> _LISTED RECORDS_
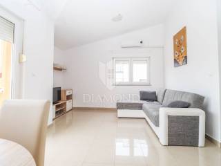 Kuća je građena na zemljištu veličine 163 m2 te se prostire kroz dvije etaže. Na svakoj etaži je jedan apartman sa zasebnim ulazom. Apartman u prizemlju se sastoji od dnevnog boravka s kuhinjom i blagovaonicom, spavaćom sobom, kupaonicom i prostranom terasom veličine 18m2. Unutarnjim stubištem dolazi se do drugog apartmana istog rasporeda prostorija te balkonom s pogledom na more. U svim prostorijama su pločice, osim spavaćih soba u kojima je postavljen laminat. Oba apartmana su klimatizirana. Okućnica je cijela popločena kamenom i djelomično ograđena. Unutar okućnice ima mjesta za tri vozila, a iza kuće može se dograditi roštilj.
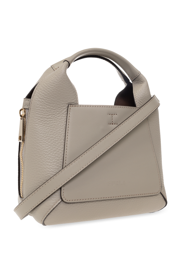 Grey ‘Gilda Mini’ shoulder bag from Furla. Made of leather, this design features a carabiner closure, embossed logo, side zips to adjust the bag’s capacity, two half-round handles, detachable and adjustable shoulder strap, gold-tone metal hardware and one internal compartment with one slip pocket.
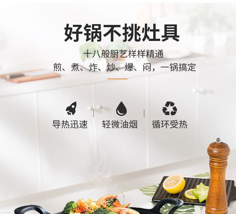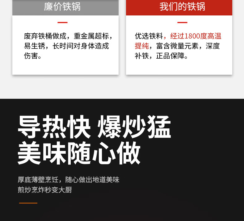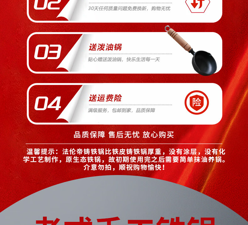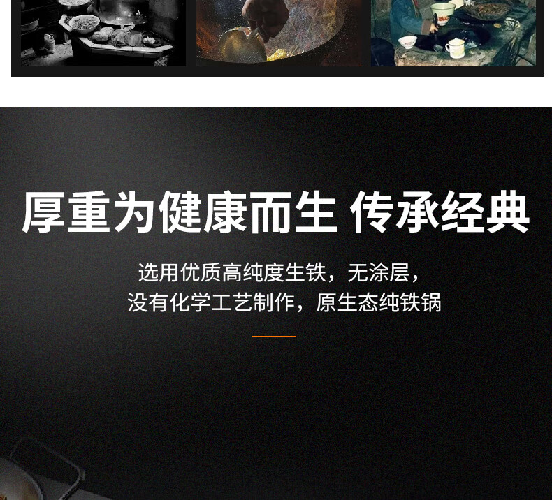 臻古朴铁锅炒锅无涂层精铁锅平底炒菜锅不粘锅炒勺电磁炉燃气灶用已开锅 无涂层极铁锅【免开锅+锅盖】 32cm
---
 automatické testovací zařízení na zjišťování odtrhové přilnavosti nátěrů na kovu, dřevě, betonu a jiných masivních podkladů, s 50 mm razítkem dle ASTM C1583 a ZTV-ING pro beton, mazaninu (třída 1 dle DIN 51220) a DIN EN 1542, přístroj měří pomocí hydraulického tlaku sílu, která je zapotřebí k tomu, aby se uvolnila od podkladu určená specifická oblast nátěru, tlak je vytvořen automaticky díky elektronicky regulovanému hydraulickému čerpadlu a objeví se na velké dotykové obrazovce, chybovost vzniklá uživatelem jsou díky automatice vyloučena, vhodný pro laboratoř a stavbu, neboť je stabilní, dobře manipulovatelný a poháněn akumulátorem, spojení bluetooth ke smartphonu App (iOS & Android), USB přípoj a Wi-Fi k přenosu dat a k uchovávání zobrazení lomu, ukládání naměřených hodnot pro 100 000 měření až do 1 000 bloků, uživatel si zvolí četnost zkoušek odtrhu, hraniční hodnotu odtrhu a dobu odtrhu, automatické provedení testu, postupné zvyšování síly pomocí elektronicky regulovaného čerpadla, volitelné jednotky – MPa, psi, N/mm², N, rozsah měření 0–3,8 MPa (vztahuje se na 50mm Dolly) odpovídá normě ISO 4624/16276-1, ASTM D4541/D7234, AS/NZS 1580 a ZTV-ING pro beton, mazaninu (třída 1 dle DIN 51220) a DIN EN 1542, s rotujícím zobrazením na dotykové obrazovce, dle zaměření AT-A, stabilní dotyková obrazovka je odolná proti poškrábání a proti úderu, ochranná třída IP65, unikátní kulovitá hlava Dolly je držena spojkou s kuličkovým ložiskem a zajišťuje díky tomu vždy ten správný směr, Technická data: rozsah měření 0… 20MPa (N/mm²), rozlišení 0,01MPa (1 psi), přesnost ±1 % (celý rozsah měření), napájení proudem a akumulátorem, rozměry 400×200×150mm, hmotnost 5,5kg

> _WHAT THE TASK ASKS_
Find where the line with "Grey ‘Gilda Mini’" sits in the material above and where the line with "臻古朴铁锅炒锅无涂层精铁锅平底炒菜锅不粘锅炒勺电磁炉燃气灶用已开锅 无涂层极铁锅【免开锅+锅盖】 32cm" sits. Set down exactly the lines from the first to the second, both included and nothing else, without pictures.

> _FINISHED EXERCISE_
 Grey ‘Gilda Mini’ shoulder bag from Furla. Made of leather, this design features a carabiner closure, embossed logo, side zips to adjust the bag’s capacity, two half-round handles, detachable and adjustable shoulder strap, gold-tone metal hardware and one internal compartment with one slip pocket.
 臻古朴铁锅炒锅无涂层精铁锅平底炒菜锅不粘锅炒勺电磁炉燃气灶用已开锅 无涂层极铁锅【免开锅+锅盖】 32cm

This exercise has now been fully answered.